### Work request
Both ends included, set down the lines from the line containing "Предназначен для удаления" through the last line of the records below, without pictures.

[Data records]
- Opening Delimiter -

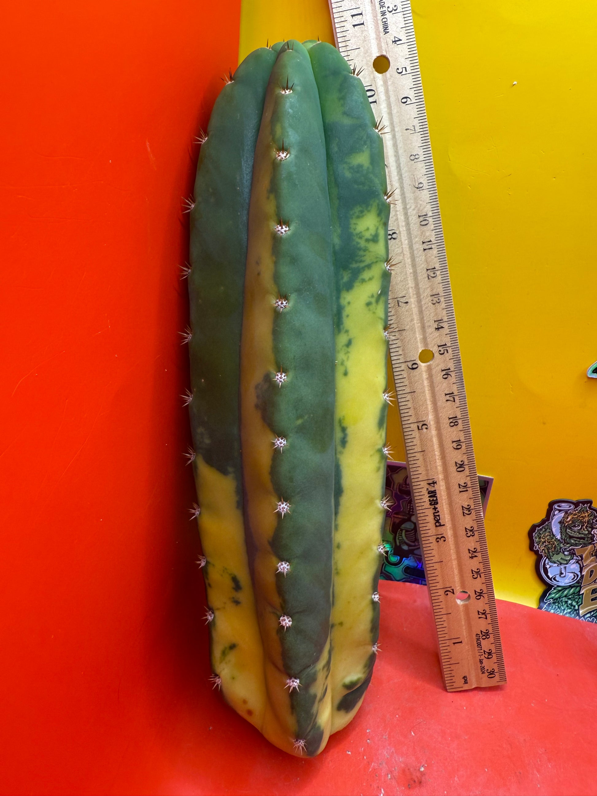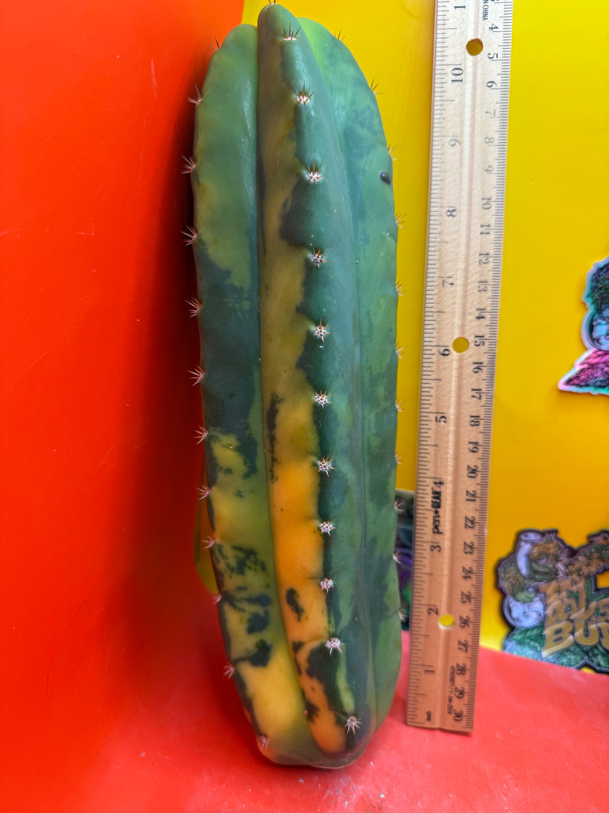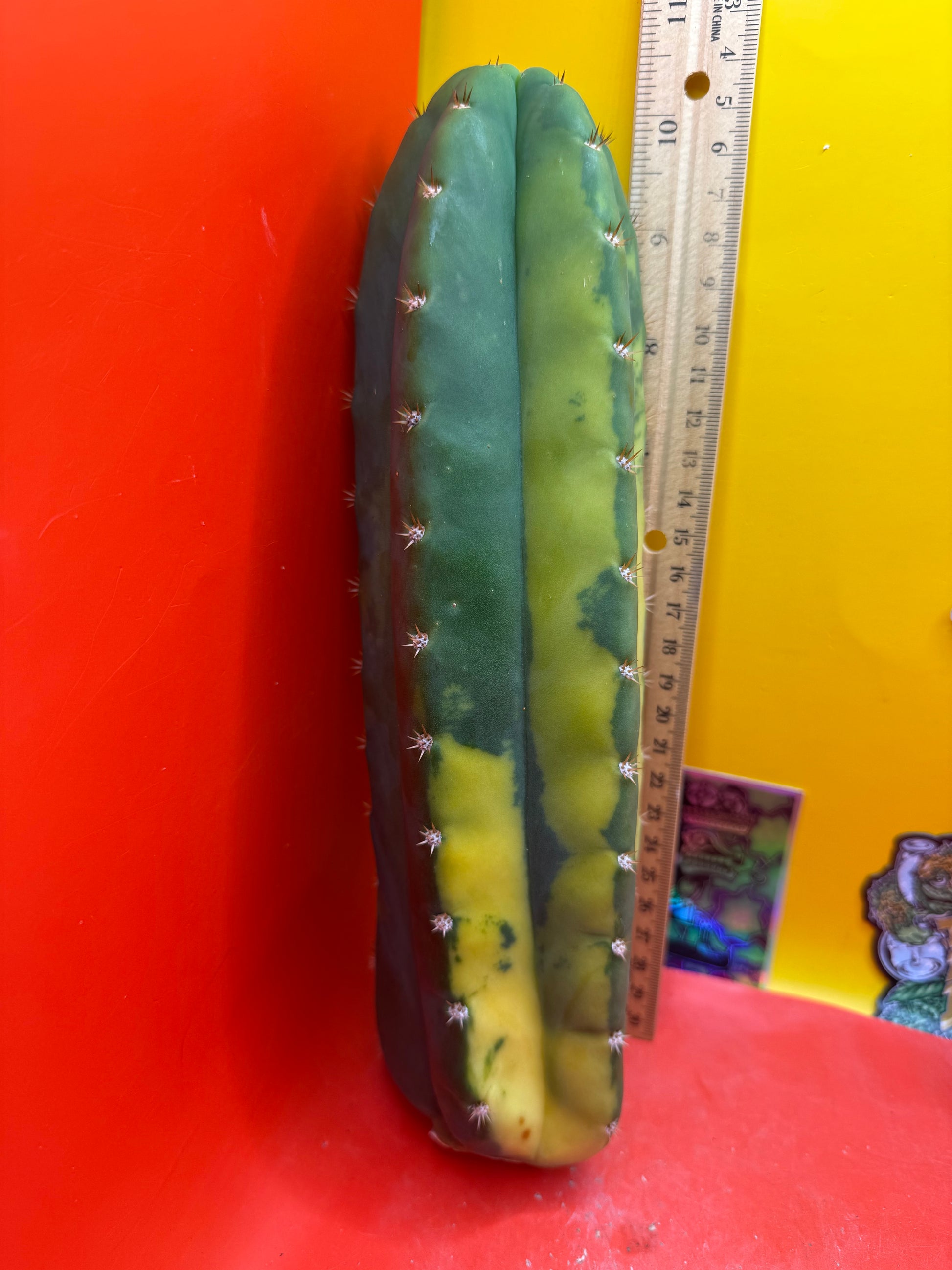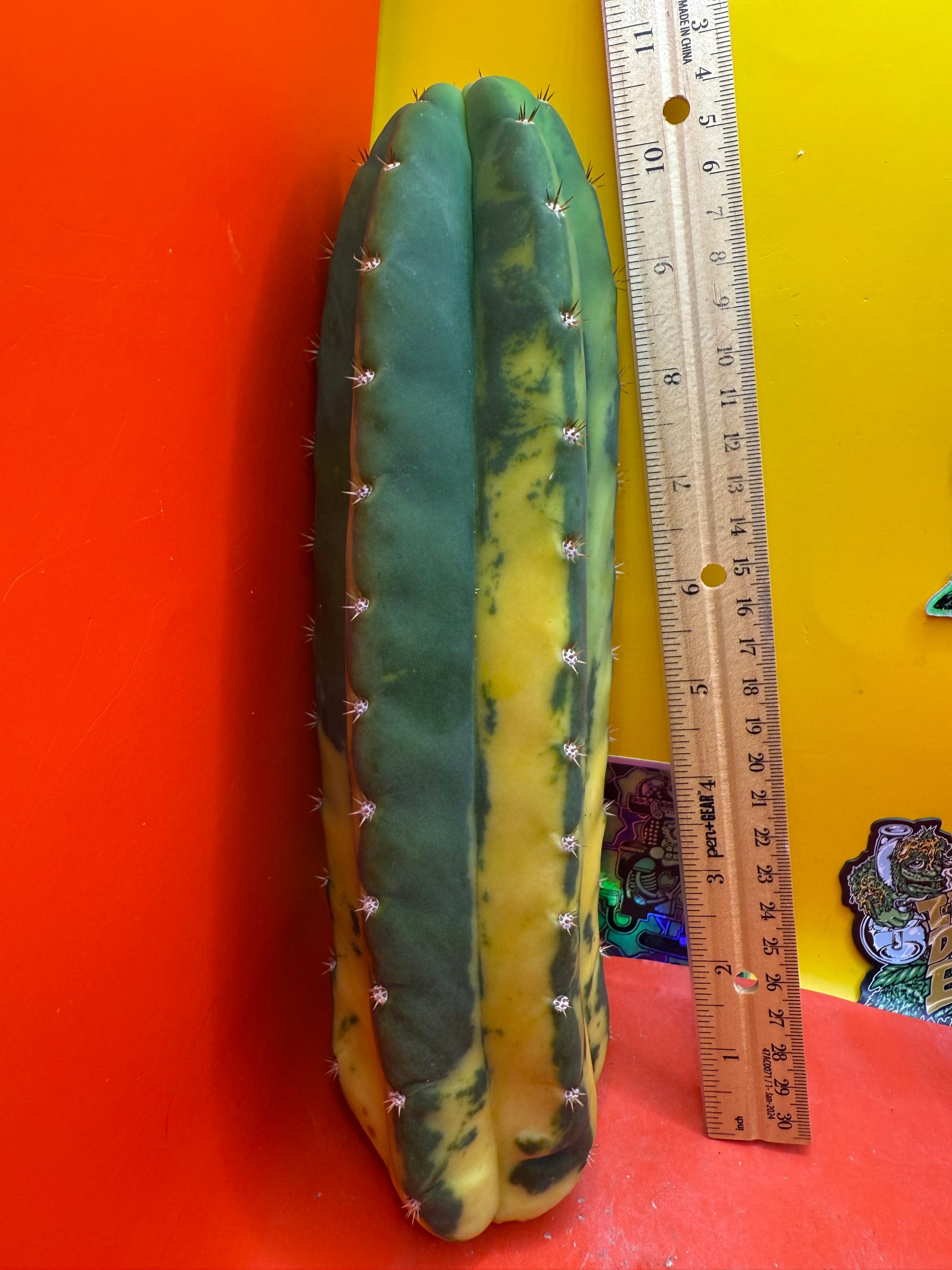 Fully variegated, all sides have awesome coloration ! Tons of marbling on this , multiple tones of green and vivid yellow ! Tip is pumping out new variegation. Healthy happy cut is ready to ship . This trichocereus starts as like green at the tip and with sun and maturity it becomes strong yellow ! Really a very cool cactus to watch grow , can be grafted or grown on its own roots
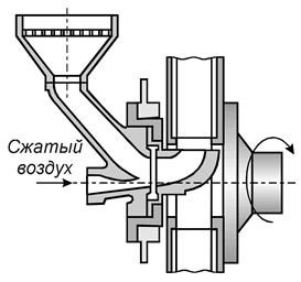 В безимпеллерных дробеметных аппаратах (рис. 111) дробь подается самотеком в направляющий патрубок, где подхватывается сжатым воздухом и вбрасывается в пространство между лопатками.
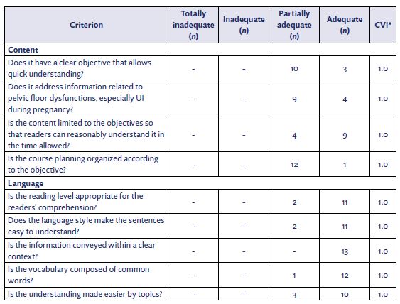 According to all categories evaluated by the specialists, the educational device can be considered straightforward in conveying information and logical in its sequence, with compatible visual and linguistic aspects, which are helpful for understanding and reflecting upon urinary loss during pregnancy. Studies 28,29 have shown that educational resources must be attractive tools, have adequate language for the target audience, and be cohesive and coherent in their structure and objectives with a theme following a logical succession to encourage and promote changes in the actions of the professionals being trained.
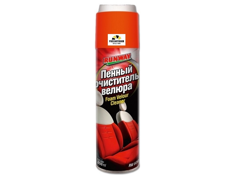 Предназначен для удаления разнообразных загрязнений и пятен с изделий из велюра. Быстро удаляет даже глубоко въевшуюся грязь. Удаляет неприятные запахи и освежает воздух в салоне автомобиля. Придает материалу антистатические свойства. Очиститель RUNWAY удаляет большинство свежих пятен от чая, кофе, молока, соков, крови, губной помады, машинного масла и т.д.Применение:Хорошо встряхните баллон перед использованием. Распылите состав с расстояния 20-30 см на обрабатываемую поверхность и равномерно распределите его по поверхности чистой тряпкой или губкой. Выждите несколько минут, дав составу впитаться. Отполируйте поверхность до появления блеска чистой, мягкой тряпкой.
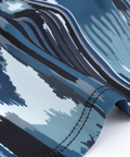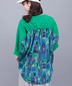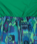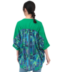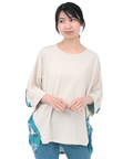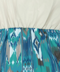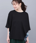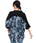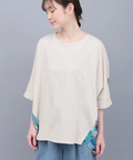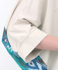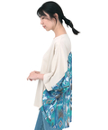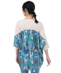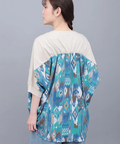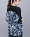 背中に大胆なイカット柄をあしらった、異素材コンビのデザイントップス。

- Closing Delimiter -

### Reply to the task
 Предназначен для удаления разнообразных загрязнений и пятен с изделий из велюра. Быстро удаляет даже глубоко въевшуюся грязь. Удаляет неприятные запахи и освежает воздух в салоне автомобиля. Придает материалу антистатические свойства. Очиститель RUNWAY удаляет большинство свежих пятен от чая, кофе, молока, соков, крови, губной помады, машинного масла и т.д.Применение:Хорошо встряхните баллон перед использованием. Распылите состав с расстояния 20-30 см на обрабатываемую поверхность и равномерно распределите его по поверхности чистой тряпкой или губкой. Выждите несколько минут, дав составу впитаться. Отполируйте поверхность до появления блеска чистой, мягкой тряпкой.
 背中に大胆なイカット柄をあしらった、異素材コンビのデザイントップス。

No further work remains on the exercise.